- What to work on -
Your reply is to be the lines below, exactly as written, with images omitted.

*** Recorded data ***

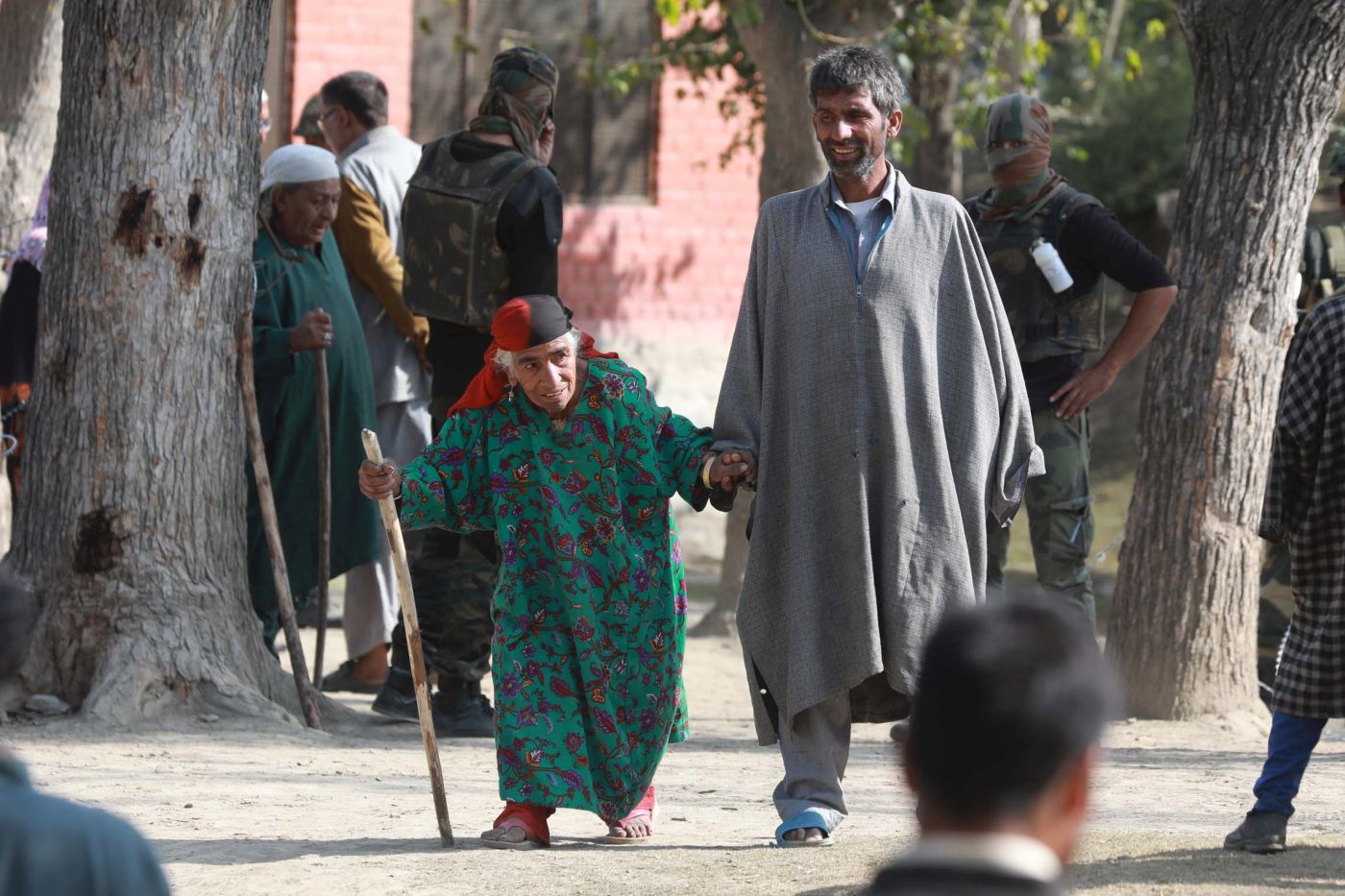 An elderly lady being helped and assisted by one of her family members to reach the polling booth to cast vote at Sumbal in Bandipora district. Photo/Javed Khan
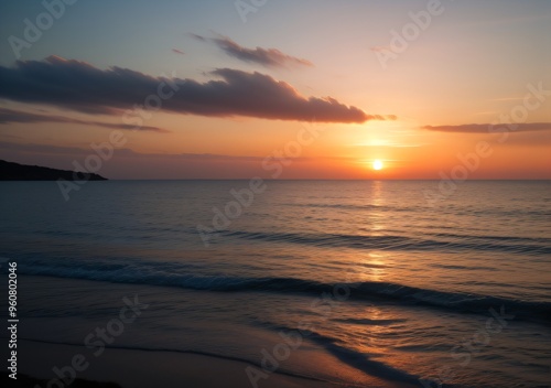 Fototapeta premium Sunset Over Calm Ocean Waves
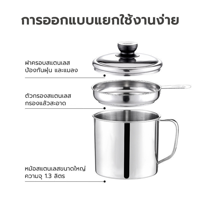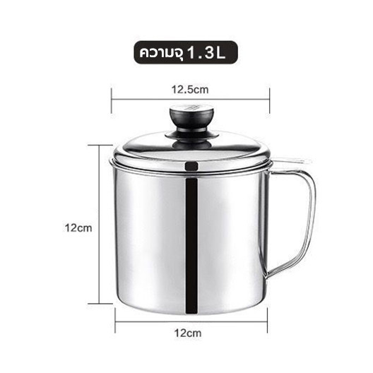 หม้อกรองน้ำมัน 1.3L ทนต่อความร้อ พร้อมตะแกรงกรอง มีฝาปิดและที่จับ
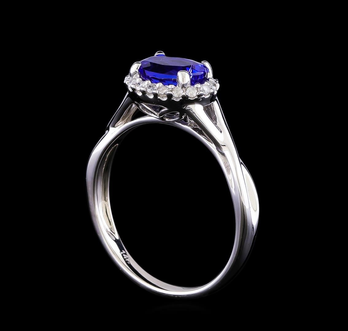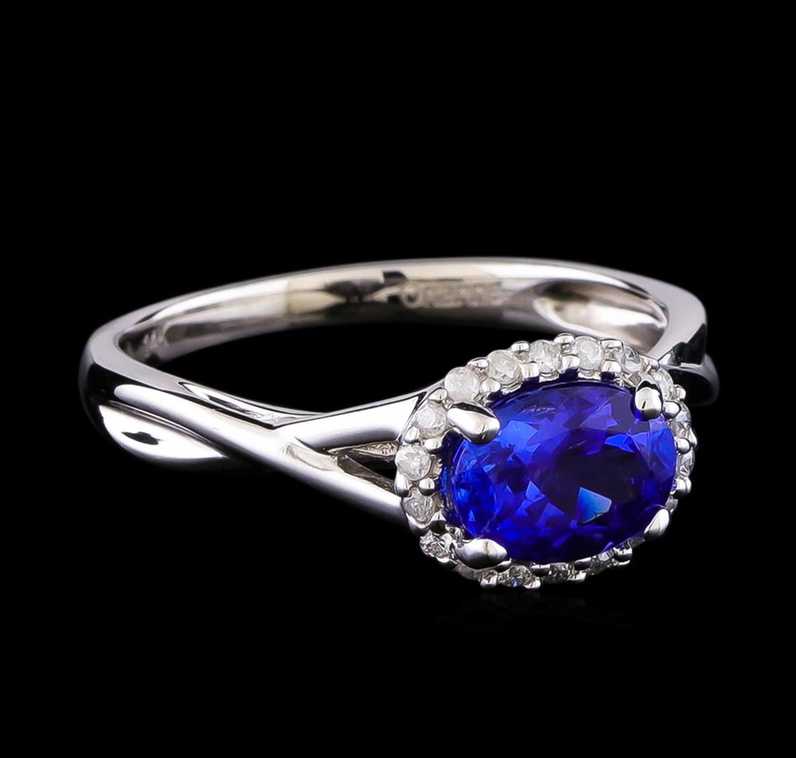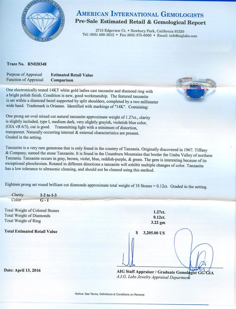 One electronically tested 14KT white gold ladies cast tanzanite and diamond ring with a bright polish finish. The featured tanzanite is set within a diamond bezel supported by split shoulders, completed by a two millimeter wide band. Trademark is Orianne. Identified with markings of "14K". Condition is new, good workmanship. Containing: One prong set oval mixed cut natural tanzanite approximate weight of 1.27ct., clarity is slightly included, type I, medium dark, very slightly grayish, violetish blue color, (GIA vB 6/3), cut is good. Transmitting light with a minimum of distortion, transparent. Naturally occurring internal & external characteristics are present. Graded in the setting. Tanzanite is a very rare gemstone that is only found in the country of Tanzania. Originally discovered in 1967. Tiffany & Company, named the stone Tanzanite. It is found in the Usumburu Mountains that border the Umba Valley of northern Tanzania. Tanzanite occurs in gray, brown, violet, blue, reddish-purple, & green. The gem is interesting because of its exceptional pleochroism. Rotated in different directions a tanzanite will exhibit multiple changes of color. Tanzanite has a low tolerance to ultrasonic cleaning, and should not be cleaned using this method. Eighteen prong set round brilliant cut diamonds approximate total weight of 18 Stones = 0.12ct. Graded in the setting. Clarity: I-2 to I-3. Color: G - I. Total Weight of Colored Stones 1.27ct. Total Weight of Diamonds 0.12ct. Total Weight of Ring 3.22gm. AIG Appraised at $3,205.00.

*** End of Recorded data ***

- Result of this exercise -
 An elderly lady being helped and assisted by one of her family members to reach the polling booth to cast vote at Sumbal in Bandipora district. Photo/Javed Khan
 Fototapeta premium Sunset Over Calm Ocean Waves
 หม้อกรองน้ำมัน 1.3L ทนต่อความร้อ พร้อมตะแกรงกรอง มีฝาปิดและที่จับ
 One electronically tested 14KT white gold ladies cast tanzanite and diamond ring with a bright polish finish. The featured tanzanite is set within a diamond bezel supported by split shoulders, completed by a two millimeter wide band. Trademark is Orianne. Identified with markings of "14K". Condition is new, good workmanship. Containing: One prong set oval mixed cut natural tanzanite approximate weight of 1.27ct., clarity is slightly included, type I, medium dark, very slightly grayish, violetish blue color, (GIA vB 6/3), cut is good. Transmitting light with a minimum of distortion, transparent. Naturally occurring internal & external characteristics are present. Graded in the setting. Tanzanite is a very rare gemstone that is only found in the country of Tanzania. Originally discovered in 1967. Tiffany & Company, named the stone Tanzanite. It is found in the Usumburu Mountains that border the Umba Valley of northern Tanzania. Tanzanite occurs in gray, brown, violet, blue, reddish-purple, & green. The gem is interesting because of its exceptional pleochroism. Rotated in different directions a tanzanite will exhibit multiple changes of color. Tanzanite has a low tolerance to ultrasonic cleaning, and should not be cleaned using this method. Eighteen prong set round brilliant cut diamonds approximate total weight of 18 Stones = 0.12ct. Graded in the setting. Clarity: I-2 to I-3. Color: G - I. Total Weight of Colored Stones 1.27ct. Total Weight of Diamonds 0.12ct. Total Weight of Ring 3.22gm. AIG Appraised at $3,205.00.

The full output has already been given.